Step by step solution

01

Calculate the Frequency

To find the frequency, we use the wave speed formula: \( v = f \lambda \). Here, \( v = 36.0 \) m/s and \( \lambda = 1.80 \) m. Solving for \( f \), we get \( f = \frac{v}{\lambda} = \frac{36.0}{1.80} = 20.0 \) Hz.
02

Determine the Angular Frequency

The angular frequency, \( \omega \), is related to the frequency by \( \omega = 2\pi f \). Substituting \( f = 20.0 \) Hz, we get \( \omega = 2\pi \times 20.0 = 40\pi \) rad/s.
03

Find the Wave Number

The wave number, \( k \), is given by \( k = \frac{2\pi}{\lambda} \).

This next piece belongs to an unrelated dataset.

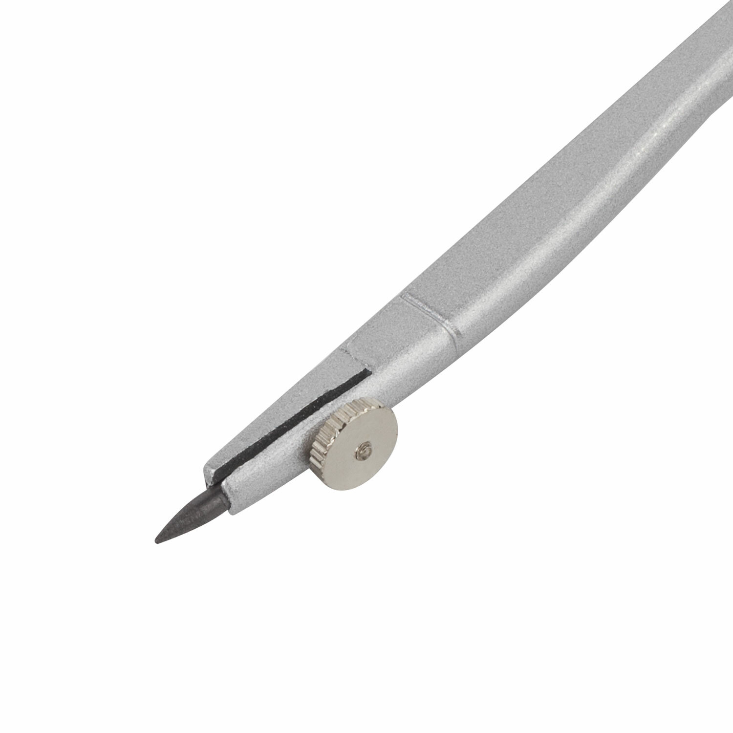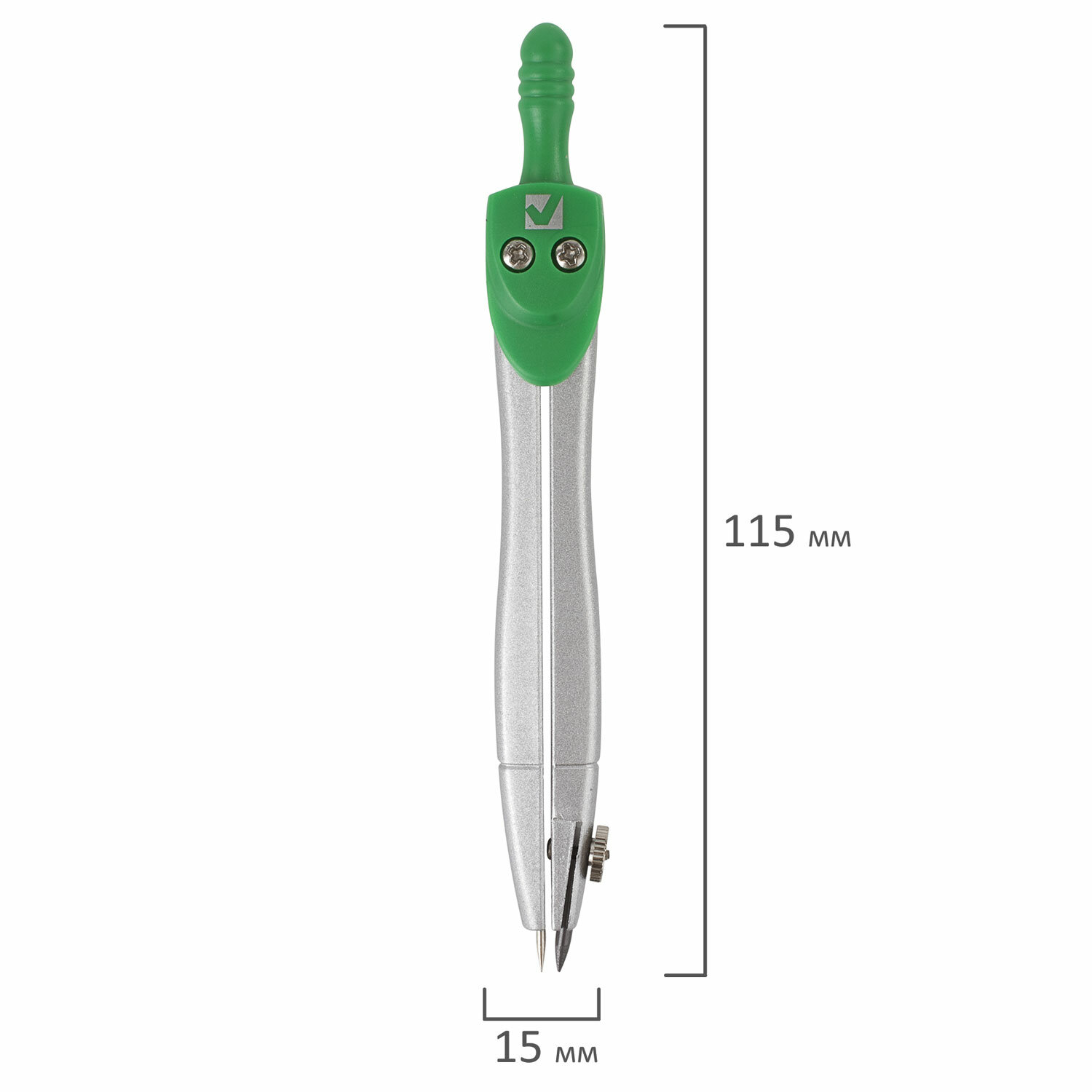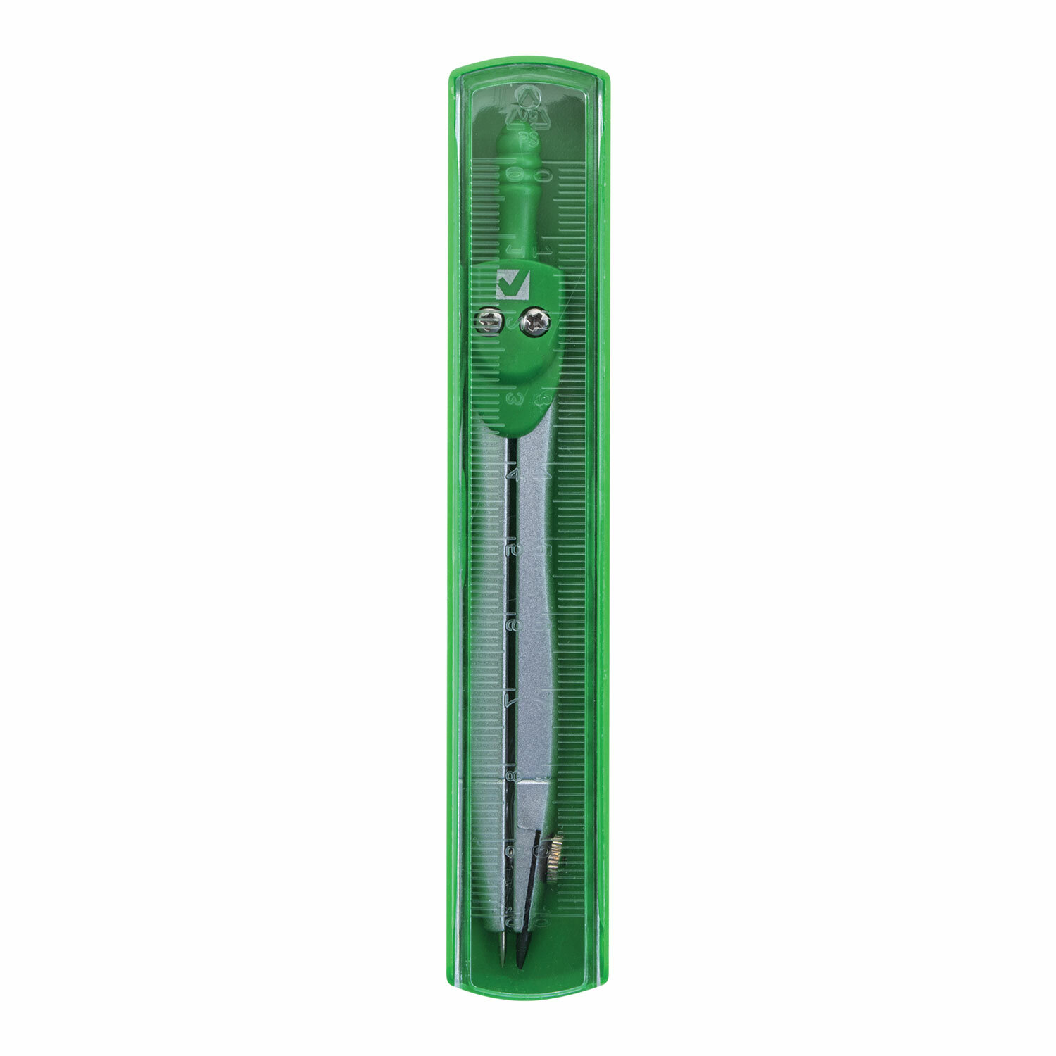 Инструмент длиной 115 мм имеет несгибаемые штанги. Изготовлен из металла, дополнительный цвет - зеленый. Поставляется в пластиковом пенале с прозрачной крышкой-линейкой. Циркуль BRAUBERG "Klasse", 115 мм, пластиковый пенал, 210313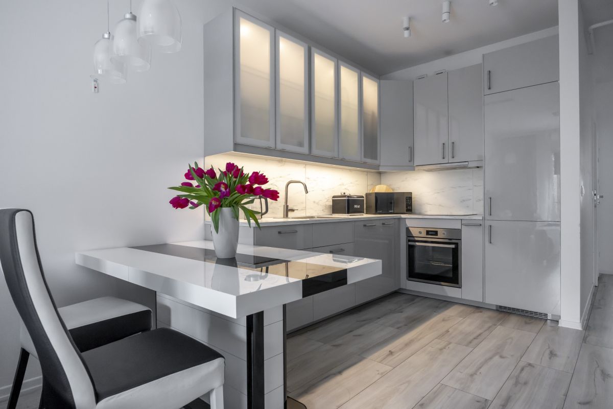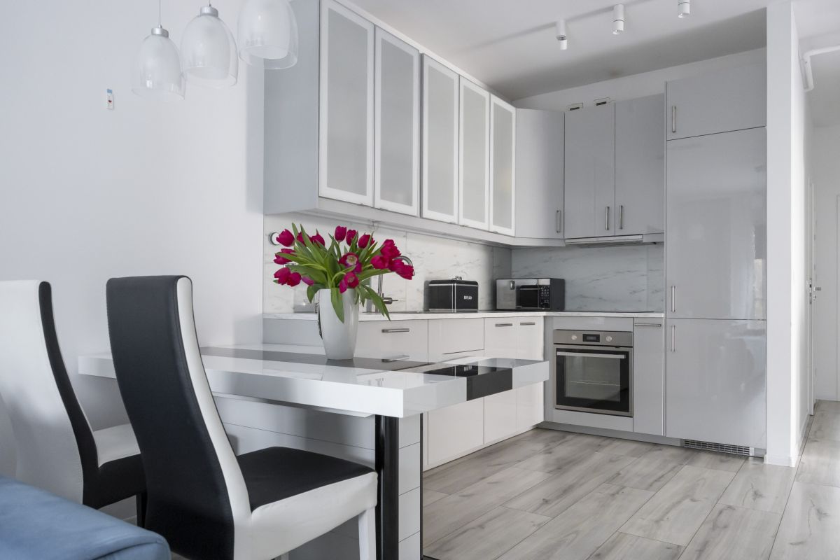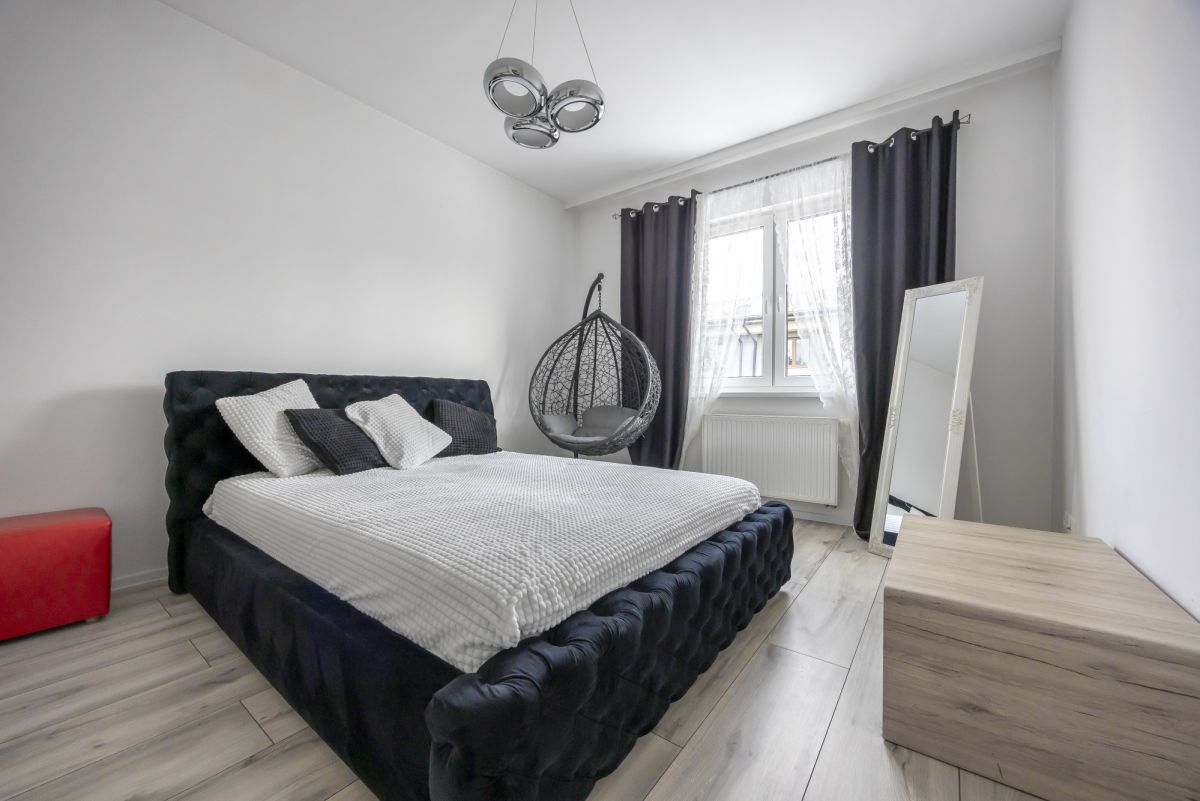 • Kuchnia: Nowoczesna zabudowa meblowa wraz z pełnym wyposażeniem AGD pozostaje w cenie nieruchomości.

Substituting \( \lambda = 1.80 \) m, we calculate \( k = \frac{2\pi}{1.80} = \frac{10\pi}{9} \) m\(^{-1}\).
04

Write the Wave Function

The wave function is given by \( y(x, t) = A \sin(kx - \omega t + \phi) \). Since at \( t = 0 \), \( x = 0 \), and the displacement is maximum, \( \phi = \frac{\pi}{2} \). Thus, \( y(x, t) = 2.5 \sin(\frac{10\pi}{9}x - 40\pi t + \frac{\pi}{2}) \).
05

Find the Function at the Left End

For a particle at the left end, \( x = 0 \). Thus, the function simplifies to \( y(0, t) = 2.5 \sin(-40\pi t + \frac{\pi}{2}) \).
06

Function for Particle 1.35 m to the Right

For a particle 1.35 m to the right, \( x = 1.35 \) m. Substitute into the wave function: \( y(1.35, t) = 2.5 \sin(\frac{10\pi}{9} \times 1.35 - 40\pi t + \frac{\pi}{2}) \).
07

Maximum Transverse Velocity

The maximum transverse velocity, \( v_{max} \), is given by \( A \omega \). Using \( A = 2.5 \) mm = 0.0025 m and \( \omega = 40\pi \) rad/s, we get \( v_{max} = 0.0025 \times 40\pi = 0.1\pi \) m/s.
08

Displacement and Velocity at Specific Time

At \( t = 0.0625 \) s and \( x = 1.35 \) m, substitute into the wave function to find displacement: \( y(1.35, 0.0625) = 2.5 \sin(\frac{10\pi}{9} \times 1.35 - 40\pi \times 0.0625 + \frac{\pi}{2}) \). To find the velocity, differentiate \( y(x, t) \) with respect to \( t \) and substitute \( t = 0.0625 \), \( x = 1.35 \).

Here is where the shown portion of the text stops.